Saturday, May 20, 2017

Call Your Congressperson?


Unfortunately, my research strongly indicates that high-volume constituent contact on policy issues has at best a negligible effect, and at worst a negative effect, on legislators’ actions. The next time you’re asked to call your member of Congress about a policy issue, you might want to put down the phone.

  Boston Globe
Can this be true? Has the Globe become some government tool with a disinformation campaign designed to keep us quiet?
I conducted an experiment on hundreds of state legislators in the United States, randomly assigning each to one of four groups. Some of these legislators were asked to imagine what they would do if they received six e-mails about a hypothetical bill (a lower volume of e-mails). Others were asked what they would do if they received 60 e-mails about a hypothetical bill (a higher volume of e-mails). One hypothetical bill was about gun control (a higher-attention issue); the other was about the labeling of genetically modified foods (a lower-attention issue).

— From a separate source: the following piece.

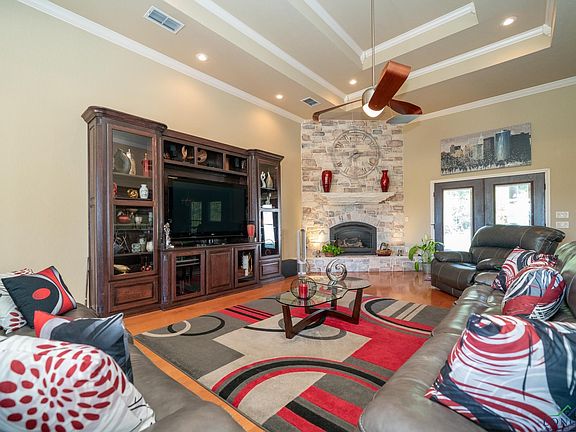 This Modern-Contemporary custom-built home sitting off the road for privacy is on 13.365 acres in White Oak. This one owner home has been well maintained and is move in ready. The home offers a spacious living/dining combo open to the kitchen and breakfast area. Kitchen includes stainless steel appliances, double dishwashers, large double door refrigerator, granite counter tops, island with sink, walk in pantry, soft close drawers, with lots of cabinet and countertop space. There are many extra features in this home including unique fixtures, ceiling fans, hardwood floors, high trey ceilings with crown molding, built in entertainment center in living area, built in bookcase in office, and stone propane fireplace. Split bedrooms with oversized primary bedroom, walk in closet, with en suite bathroom featuring double vanities, walk in shower, and jacuzzi bathtub. Large guest rooms with adjoining bath. Outside additions include a breezeway between main house and garage for additional covered parking. Multi purpose 400 sq ft space with its own air conditioning/heating and bath. There is also a shop on the property that is not finished out and is in need of repairs. This property has lots of space and is ready for a new family to make it their own.

The results weren’t promising for people who believe that constituent contact alters policy. On the high-attention issue, there was no difference in support between the legislators who received the high volume of e-mails and those who received the low volume of e-mails.

[...]

Support among those legislators who were told they had received more e-mails was half that of those who were told they had received fewer e-mails.
Okay, but why should we believe the legislators answered truthfully?  Maybe they want to discourage us.
But the issue here isn’t simply a problem of processing too much information. Instead, it’s that most legislators already think they know how constituents feel about issues. They conduct polls in their districts. They learn about what constituents want through campaigns and elections. They also belong to political parties that have fairly defined ideologies, and they make specific policy promises in the course of an election.
Which, I think, is more key to the problem of contacting your Congressperson. They're party hacks.

I still sign petitions from time to time, but I quit writing to my Congress Critter when I realized that the only feedback  I ever got was a form letter restating the Congress Critter's stance on the issue, which I knew the Critter didn't send him/herself, and I assumed (safely, I'm sure) they also didn't read my letter. That and the time in 2003 I marched with an organized group of a hundred or so war protesters  to my Congress Critter's office, and we weren't even allowed to go in. The asshole sent an aide out to the parking lot with a visitor log book where we were allowed to sign our names if we so wished.  Personally, I thought we should have stormed the office.

...but hey, do what you want...you will anyway.